*EXERCISE DETAILS*
The entries below contain pictures. Write out only the lines from the line with "경주 동천동(7B/L) 유적에는" up to and including the line with "Bảng Tỷ lệ kèo", exactly, without them.

*RECORDS SHOWN*
BEGIN

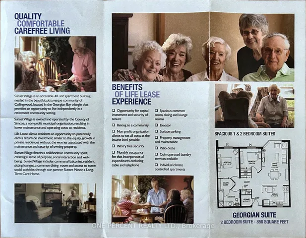 Welcome to Unit #110 at Sunset Suites. This rarely available and highly desirable ground level suite, allows you the option to walk straight out your locking sliding door to the parking area. With this Life Lease, Property taxes are included in the monthly fee of $885.24, also included in this fee are heat, hydro, water and maintenance, parking and several storage areas, perfect for worry free, comfortable, safe and secure retirement living. Sunset Suites, a Life lease, 60+ senior building is Owned and operated by the County of Simcoe and offers a secured foyer with controlled access, private mailbox, gathering areas, common balconies on each floor, a multi-purpose room and many social functions with an Activity Coordinator onsite. This bright and roomy (2) bedroom unit boasts updated flooring, newer appliances and open concept living, plenty of storage and in suite laundry. The primary bedroom with walk-in closet also features direct access to the large bathroom with walk-in shower. The second bedroom is perfect for guests, an office or an arts room. The building is well maintained by the County of Simcoe and perfectly located, just a short walk to the waterfront and trails. Come and enjoy everything Collingwood has to offer.
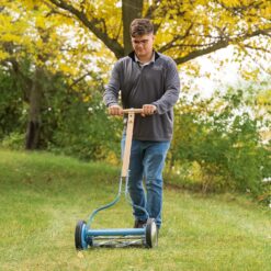 American Lawn Mower Company 16-Inch 5-Blade Old-School Push Reel Lawn Mower is a green alternative to gas-powered lawnmowers. Moreover, this classic lawn mower is easy to use and does not emit fumes. It can cut your lawn in a precise scissor-like motion that will not shred your grass to make your lawn appear better. This vintage reel lawn mower has a low maintenance hassle-free design that only requires to be sharpened at least once every 3-5 years. Perfect for youths over the age of 13 and compact yards. When you buy it, you won’t have to worry about fuel, maintenance, and repairs that make this push blade mower a smart choice.
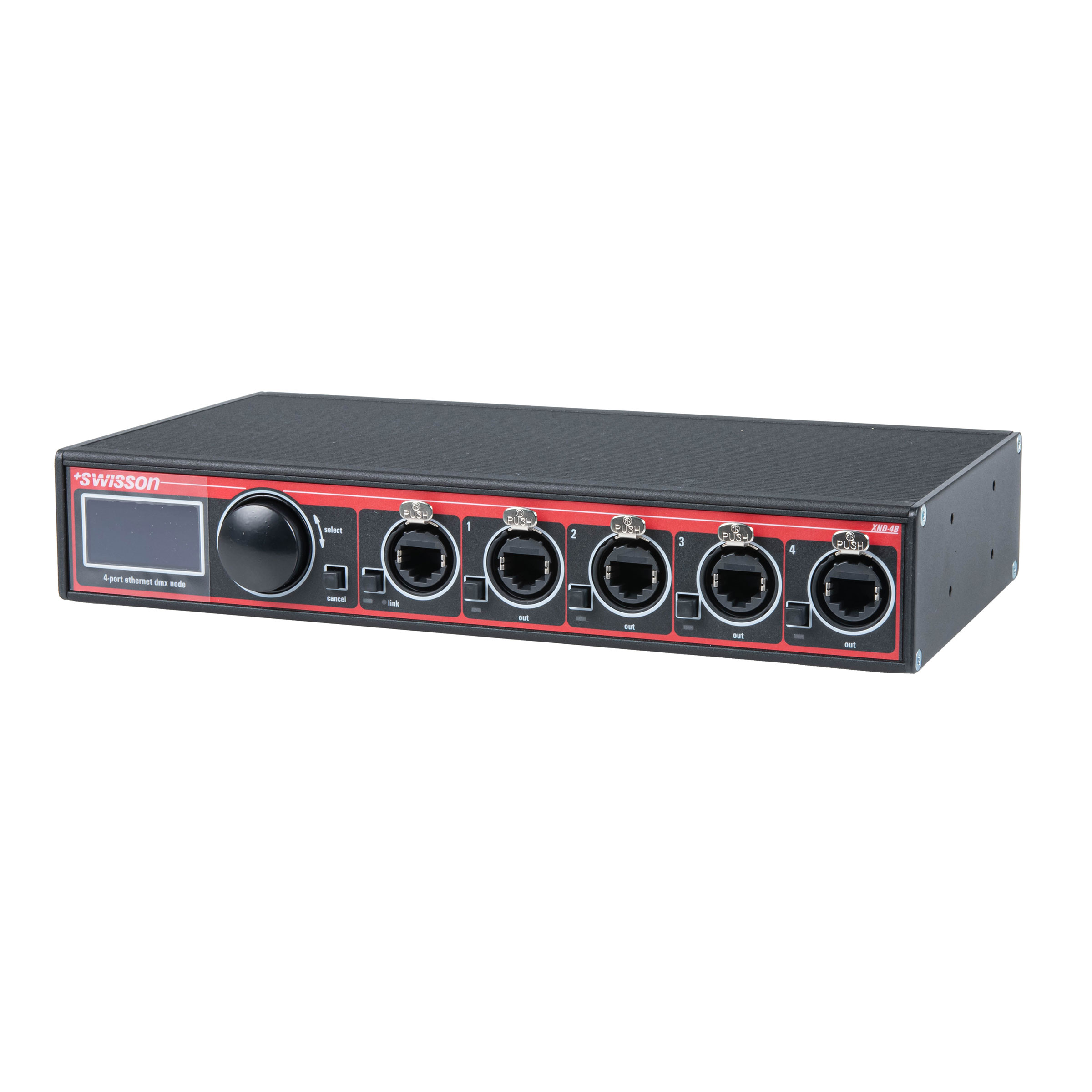 En résumé, le Node Ethernet/DMX 4 de Swisson est un dispositif essentiel pour toute installation d'éclairage nécessitant une gestion efficace des univers DMX via Ethernet. Sa capacité à fonctionner dans des environnements variés, combinée à sa facilité d'utilisation et à son intégration avec des systèmes existants, en fait un choix judicieux pour les professionnels de l'éclairage.
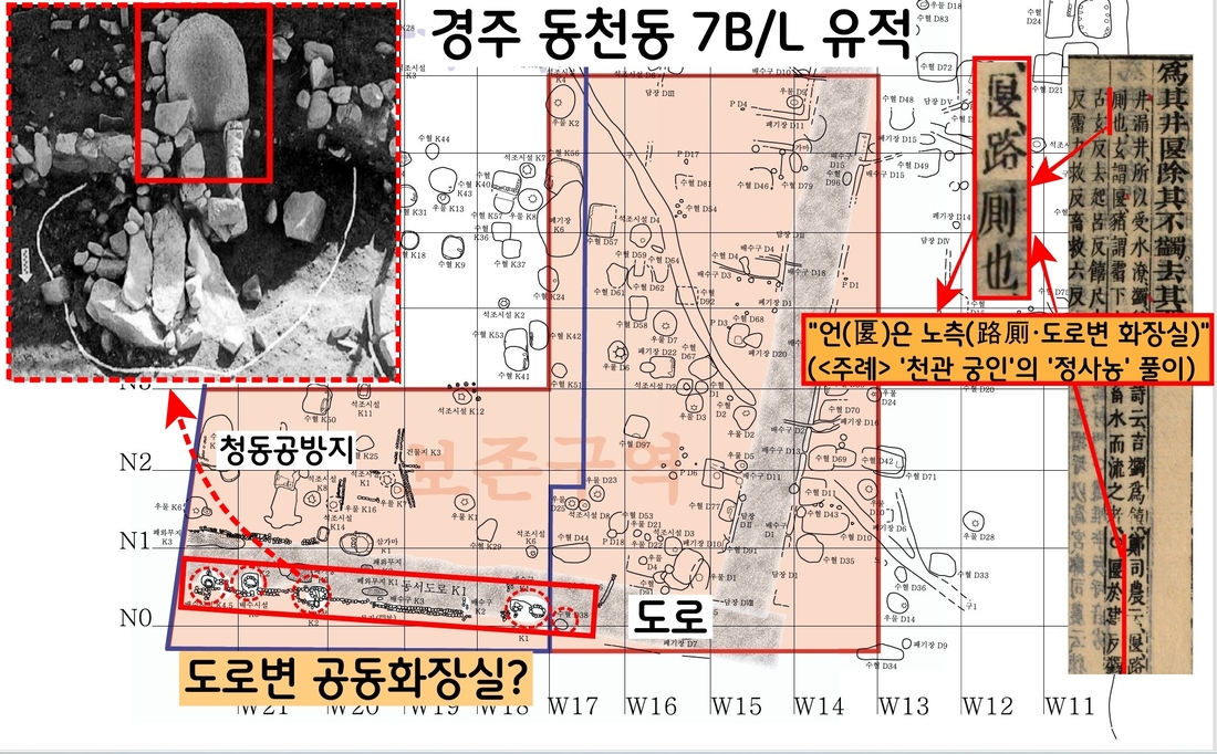 경주 동천동(7B/L) 유적에는 5개의 석조시설이 신라시대 도로변에 놓여 있었다. 이 유구는 도로를 오가는 행인이나, 인근 청동제작소에 근무하던 장인들이 사용한 공중화장실일 가능성이 짙다.|김경열의 논문에서
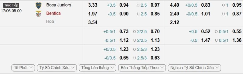 Bảng Tỷ lệ kèo bóng đá Boca Juniors vs Benfica
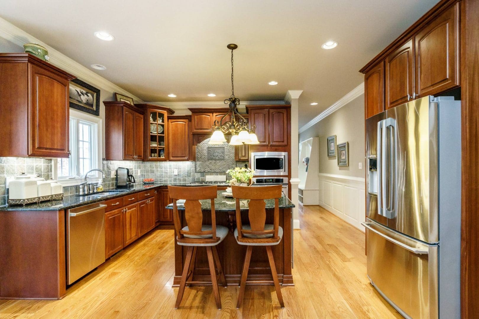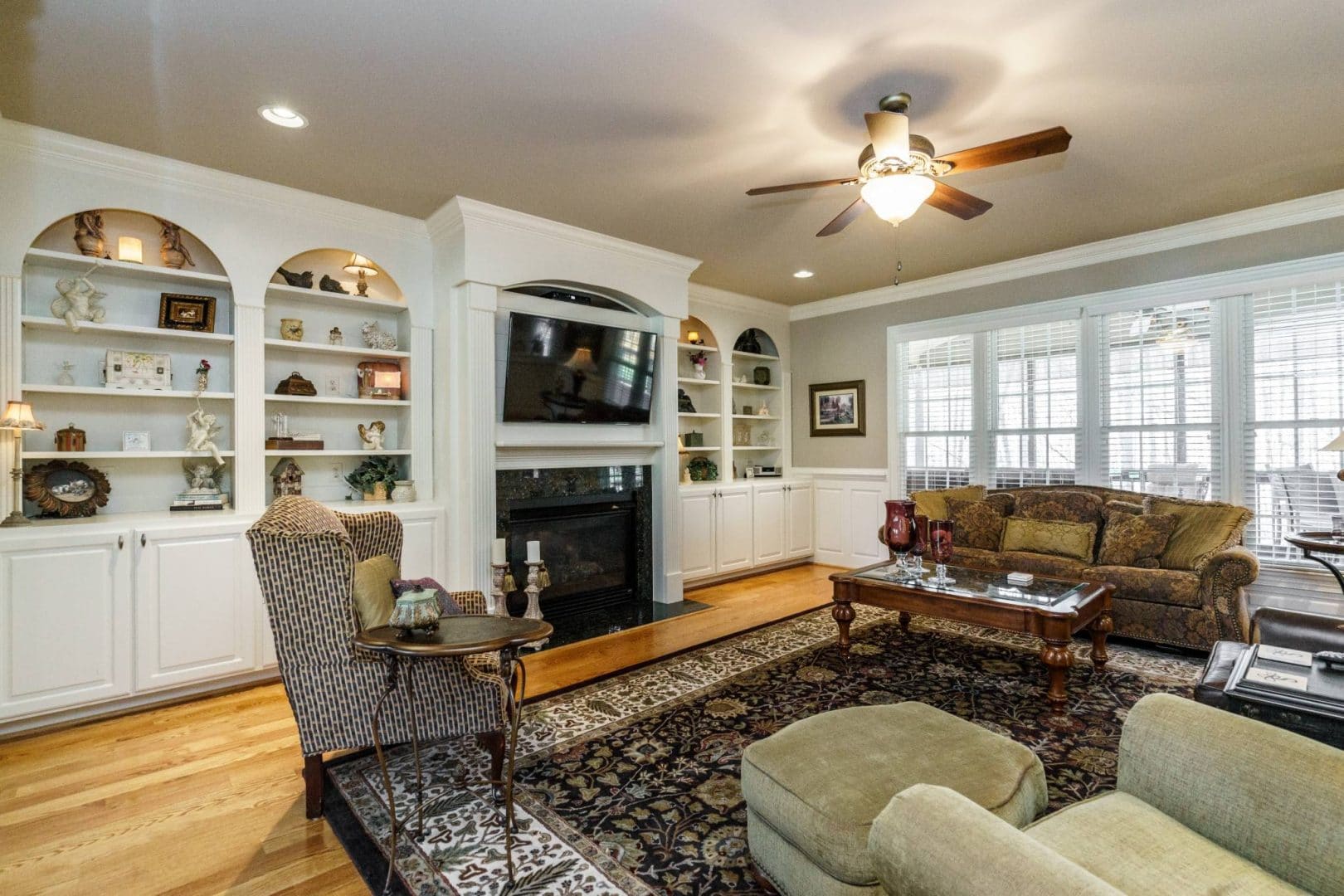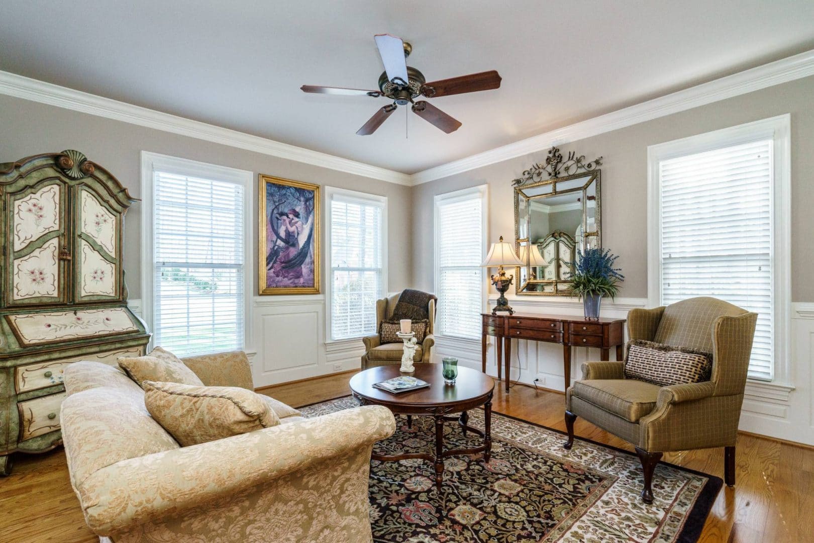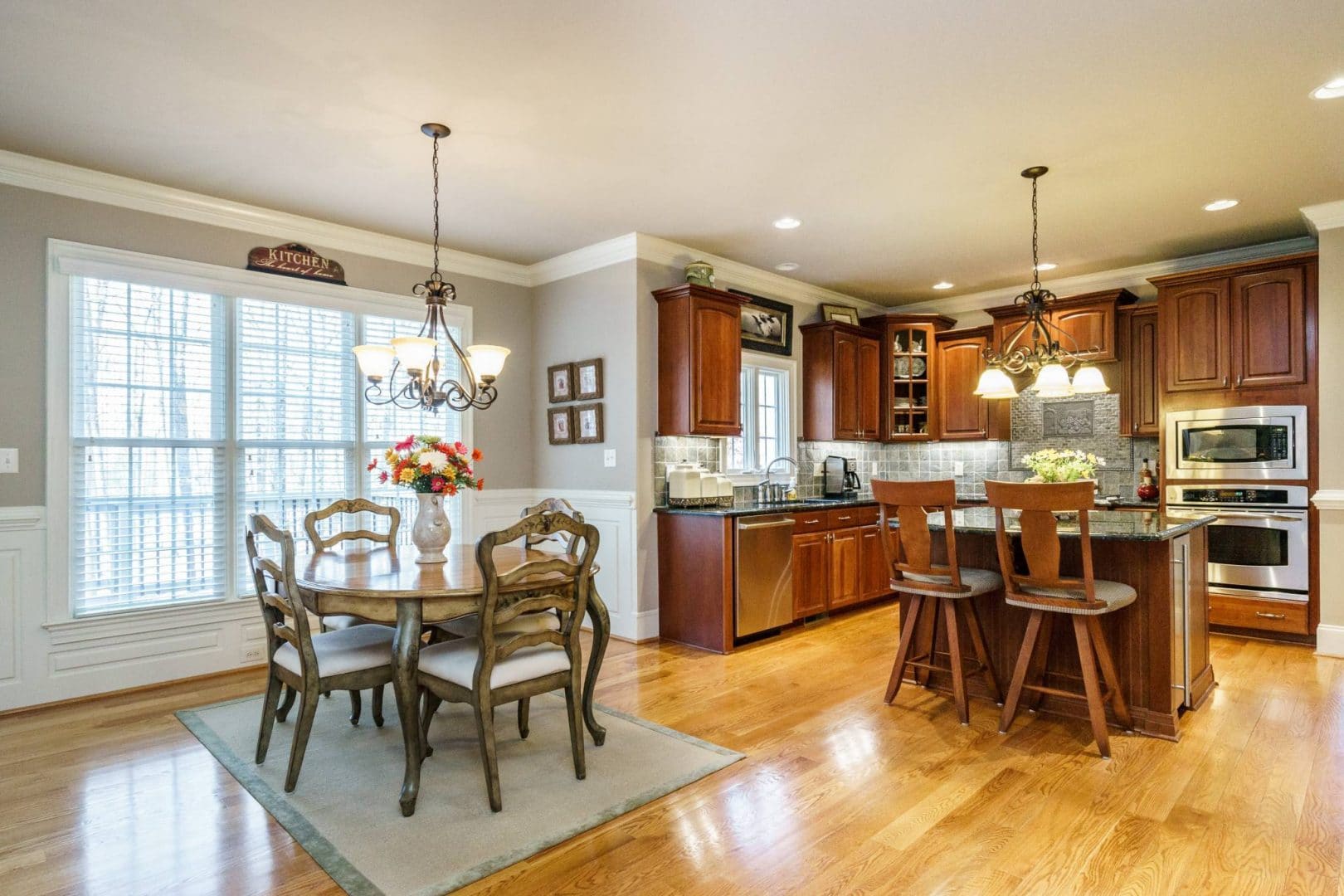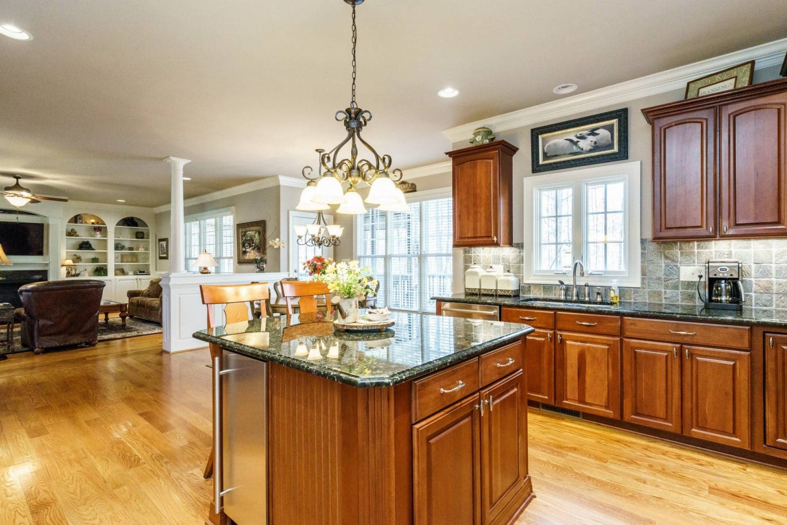 Currently being offered for sale is a brick estate on the edge of Falls Lake. 1029 Harpers Ridge Court is a flawless custom home that typifies the Falls Lake lifestyle. A sweeping lawn leads your guests to the covered entry – the manicured landscape highlights the stately curb appeal. It is apparent from the first step into the soaring foyer that his home was built with a craftsman’s careful touch. Custom millwork wraps every edge and the gleaming wide-plank hardwoods seem to go on forever. The formal rooms flank the foyer and feature arched openings and milled wainscoting.

END

*TASK ANSWER*
 경주 동천동(7B/L) 유적에는 5개의 석조시설이 신라시대 도로변에 놓여 있었다. 이 유구는 도로를 오가는 행인이나, 인근 청동제작소에 근무하던 장인들이 사용한 공중화장실일 가능성이 짙다.|김경열의 논문에서
 Bảng Tỷ lệ kèo bóng đá Boca Juniors vs Benfica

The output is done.